▸ **Description of the task**
Reproduce, exactly and in full, the lines from the one with "为了新学期工作的顺利开展,并" through the one with "Flash photo which" in the data below; drop pictures.

▸ **Material for the task**
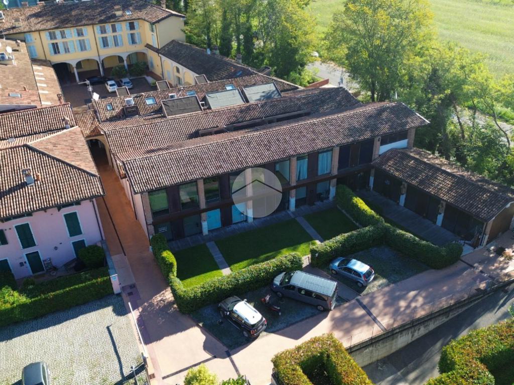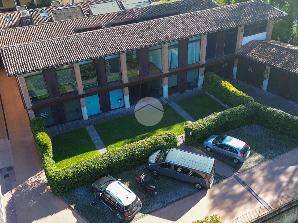 Completa la soluzione un giardino condominiale antistante e n. 2 posti auto esclusivi di cui uno esterno posto di fronte all’immobile e uno interno di circa 10 mq collegato direttamente all’immobile.
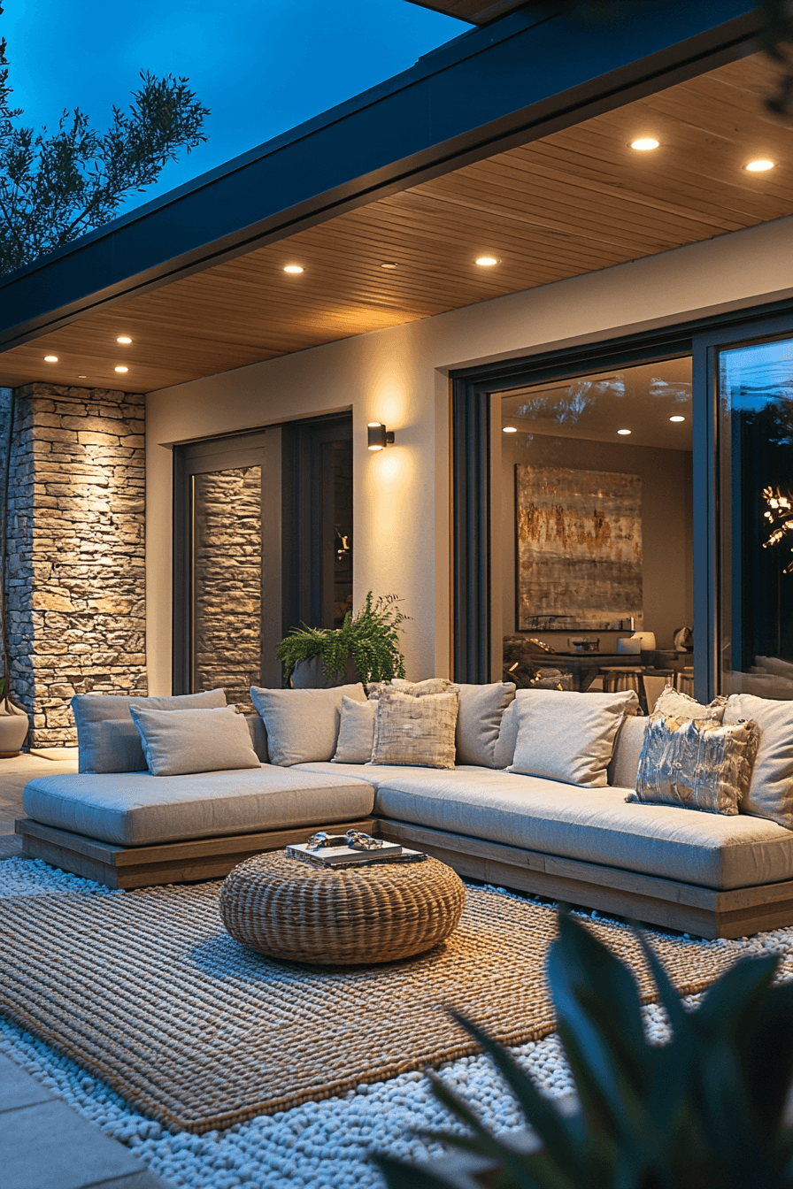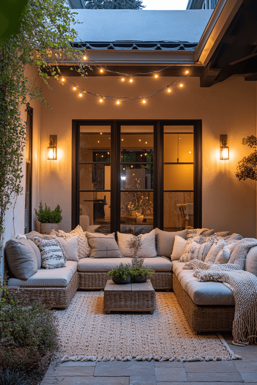 Relaxation takes center stage in these tiny patio ideas with cozy seating and calming palettes. Soft fabrics and layered cushions enhance comfort. Neutral flooring improves flow. Lighting highlights inviting details. The patio feels perfect for unwinding. Explore more tiny patio ideas designed for relaxation.
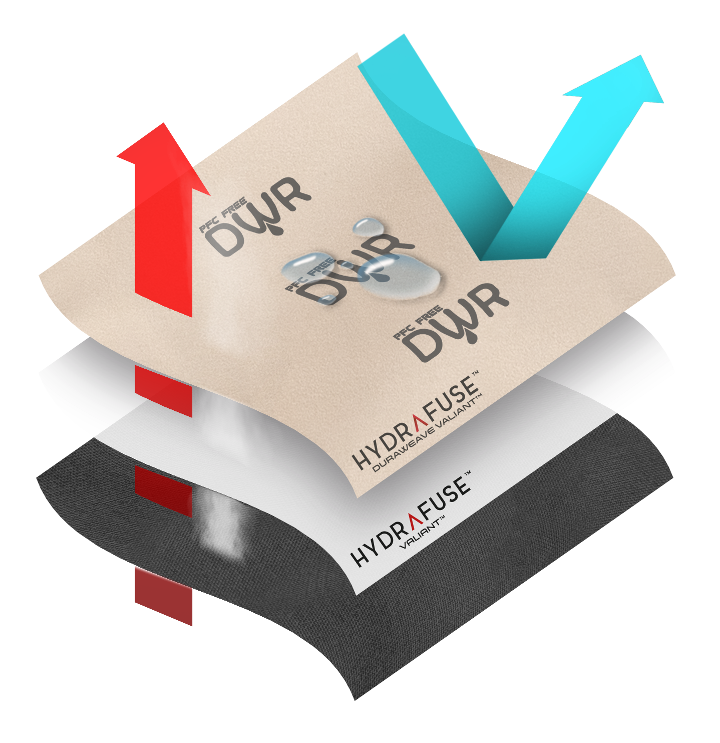• HYDRAFUSE™ DURAWEAVE VALIANT™ fabric is incredibly durable, waterproof, quiet, packable, and insanely breathable.
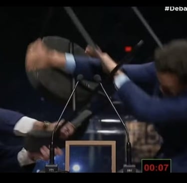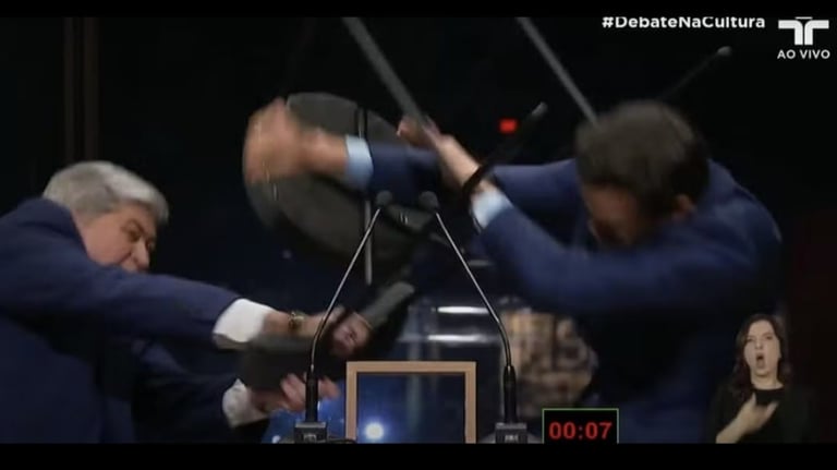 Terminou em cadeirada o debate de prefeitos em São Paulo. Datena acertou uma cadeirada em Pablo Marçal. Ele fraturou a costela e passou a noite no hospital. (Foto reprodução).
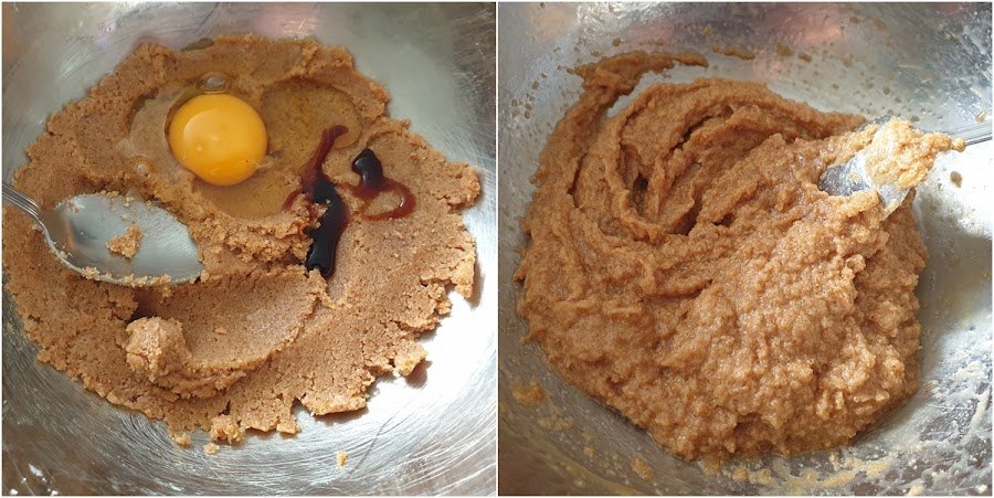 2. - Le añadimos el huevo y la vainilla y volvemos a mezclar bien.
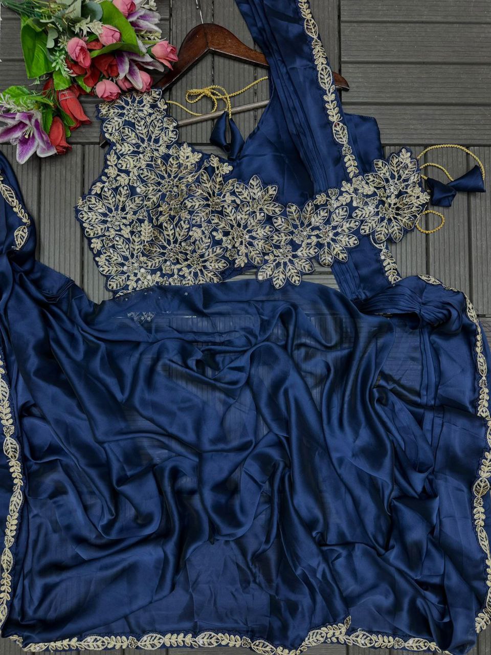 *New Super Trending Embroidery cording work ready to wear saree with Embroidery Blouse*
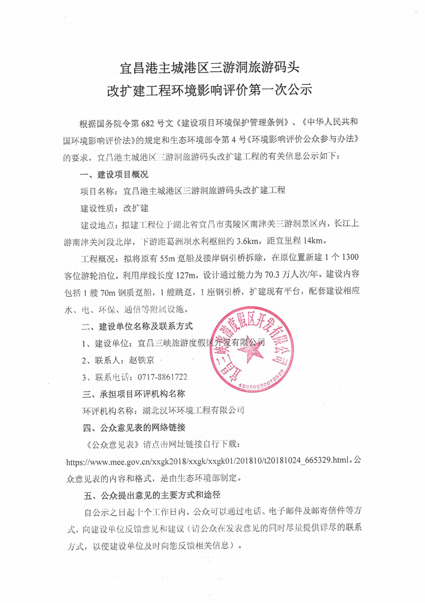 根据国务院令第682号文《建设项目环境保护管理条例》、《中华人民共和国环境影响评价法》的规定和生态环境部令第4号《环境影响评价公众参与办法》的要求,宜昌港主城港区三游洞旅游码头改扩建工程的有关信息公示如下:
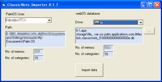 左側で旧PalmOS機のHotsync IDを選び、右側でPalm Preのドライブを選択します。Import dataのボタンを押すとカテゴリ毎にインポートするかを訊いてくるので、Yes,Noを選択します。
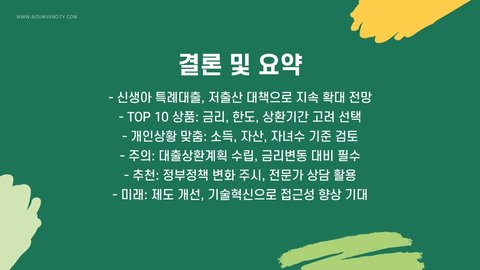 중요 팁: 대출 상품을 선택할 때는 반드시 조건을 면밀히 검토하고, 필요할 경우 전문가의 상담을 받는 것이 좋습니다.
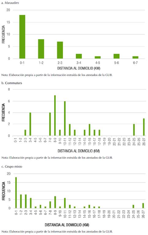 El grupo de los marauders presenta un patrón claro, pues la probabilidad de robo disminuye con respecto a la distancia entre el lugar del robo y el domicilio (figura 12A), contrario a lo que sucede con los commuters (figura 12B) y con el grupo mixto (12C), que no presentan un patrón claro. Para el grupo de los marauders observamos que la mayoría hurta en un radio inferior a 3 km (85 °%). La mayoría de los commuters hurta en un radio entre 7 y 13 km (58 °%), aunque debido a la dispersión de la muestra no puede considerarse rango de actuación. Para el grupo mixto se encuentra que los delincuentes de la muestra hurtan en una distancia inferior a 7 km (59 °%), aunque tampoco puede considerarse como rango de actuación, por el mismo motivo anterior.
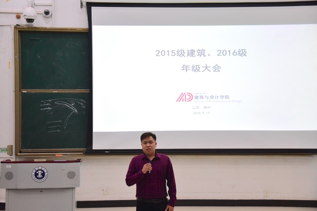 为了新学期工作的顺利开展,并对同学们的日常工作进行规范,9月17日晚七点整,建筑与设计学院于博学楼二号楼C102召开了建筑学2015级、2016级年级大会。学工办主任孟子浩、兼职辅导员曹炎磊和2015级、2016级全体同学参加了本次大会,本次大会由曹炎磊主持。
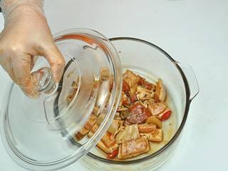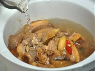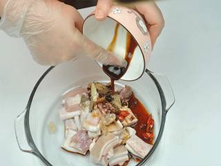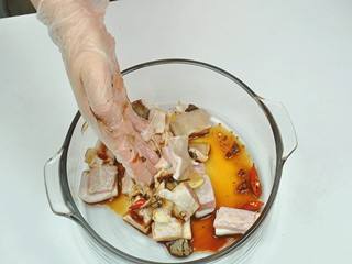 牛腩清洗干净,切成小块,加入生姜、香叶、小米椒、冰糖、花椒、生抽、蚝油、黑胡椒和食盐。
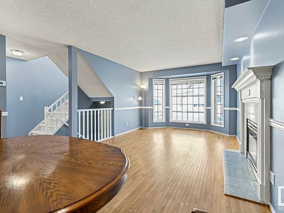 END UNIT AT THE END OF THE COMPLEX! Approx 1450 sq/ft 2 storey with 3 bedrooms & 2.5 bathrooms. Main level with hardwood floors offers a cozy living/dining room area with gas fireplace. White kitchen with some updated appliances leads to the back deck (perfect for BBQ and relaxing outside!). Upper level has 3 bedrooms including the primary with double closets & 4-piece ensuite. Basement is fully finished with a rec-room, laundry, storage, & access to the ATTACHED GARAGE (keep your vehicle warm & dry, plus an additional vehicle can be parked on the driveway). NEWER FURNACE & HOT WATER TANK, & FRESHLY PAINTED! Ideal location close to schools (quick walk to Jackson Heights K-6), greenspace, Millwoods Golf Course, public transit, & all amenities. This complex is VERY PET FRIENDLY! Come check out this beautiful property!
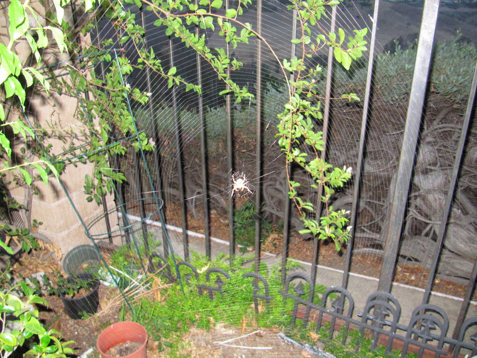 Flash photo which washes out the spider, but lets you see the web better. It's interesting how the spider has currently left a big gap between the outer orb-weaving and the orb-weaving at the center of the web.
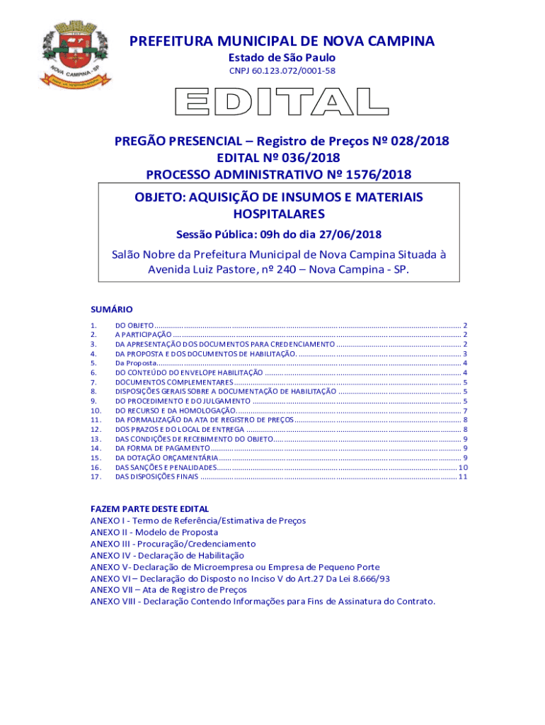 PREFECTURE MUNICIPAL DE NOVA CAMPING Est ado de So Paulo CNJ 60.123.072/000158PREGO PRESENCE Registry de Preos N 028/2018 EDIT AL N 036/2018 PROCESS ADMINISTRATIVE N 1576/2018 OBJECT: AQUINO DE INSU
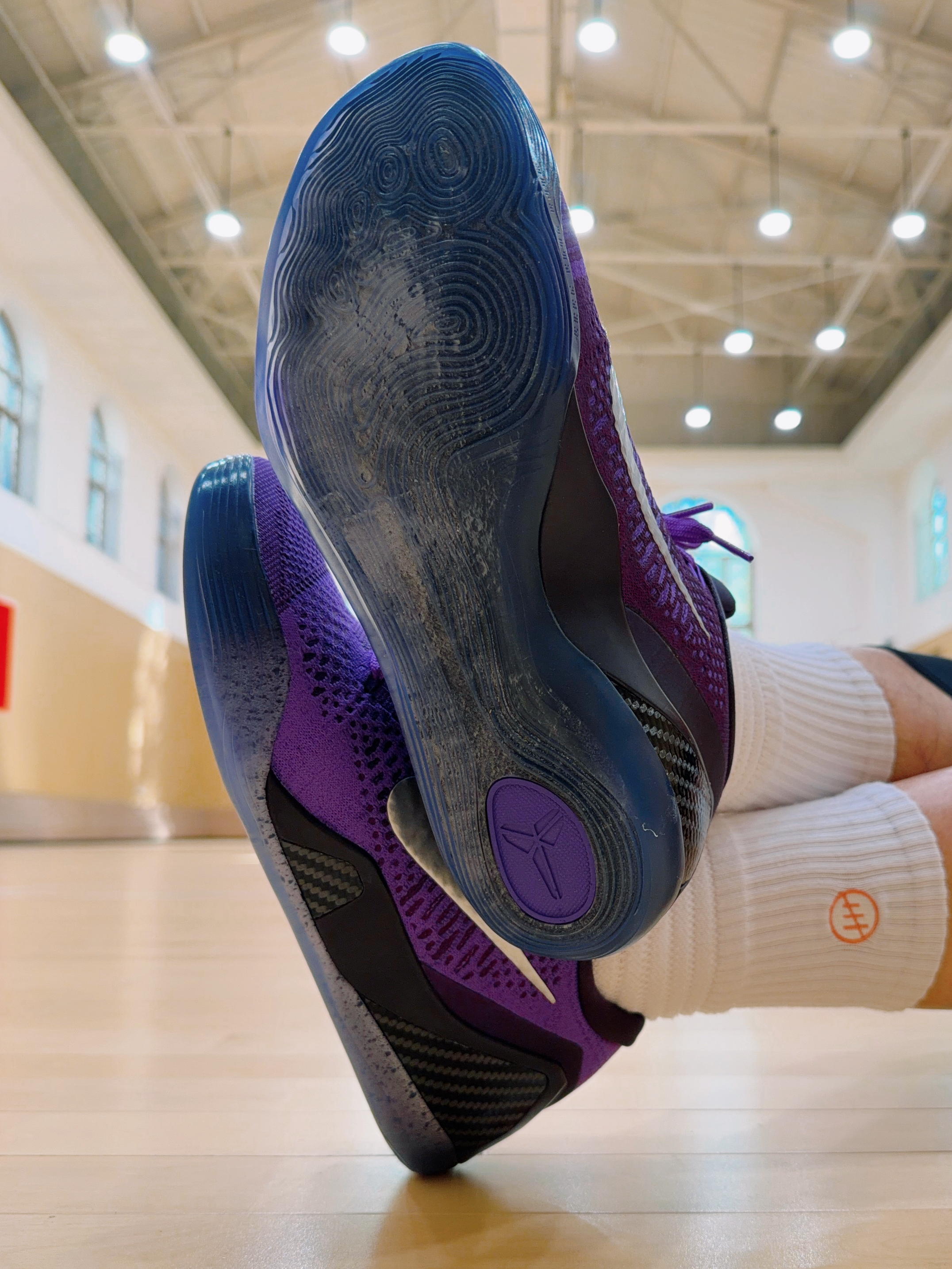 科比9的经典配色-月球漫步❗️就是我的宝藏复古球鞋 也是我今年最期待的复刻的科比球鞋 很有质感的紫色 最棒的就是月球一样的鞋底 透明水晶底在室内防滑还可以 包裹前段不错 后段比较一般 后跟有点刚性过剩 尺码正常

▸ **Output of the task**
 为了新学期工作的顺利开展,并对同学们的日常工作进行规范,9月17日晚七点整,建筑与设计学院于博学楼二号楼C102召开了建筑学2015级、2016级年级大会。学工办主任孟子浩、兼职辅导员曹炎磊和2015级、2016级全体同学参加了本次大会,本次大会由曹炎磊主持。
 牛腩清洗干净,切成小块,加入生姜、香叶、小米椒、冰糖、花椒、生抽、蚝油、黑胡椒和食盐。
 END UNIT AT THE END OF THE COMPLEX! Approx 1450 sq/ft 2 storey with 3 bedrooms & 2.5 bathrooms. Main level with hardwood floors offers a cozy living/dining room area with gas fireplace. White kitchen with some updated appliances leads to the back deck (perfect for BBQ and relaxing outside!). Upper level has 3 bedrooms including the primary with double closets & 4-piece ensuite. Basement is fully finished with a rec-room, laundry, storage, & access to the ATTACHED GARAGE (keep your vehicle warm & dry, plus an additional vehicle can be parked on the driveway). NEWER FURNACE & HOT WATER TANK, & FRESHLY PAINTED! Ideal location close to schools (quick walk to Jackson Heights K-6), greenspace, Millwoods Golf Course, public transit, & all amenities. This complex is VERY PET FRIENDLY! Come check out this beautiful property!
 Flash photo which washes out the spider, but lets you see the web better. It's interesting how the spider has currently left a big gap between the outer orb-weaving and the orb-weaving at the center of the web.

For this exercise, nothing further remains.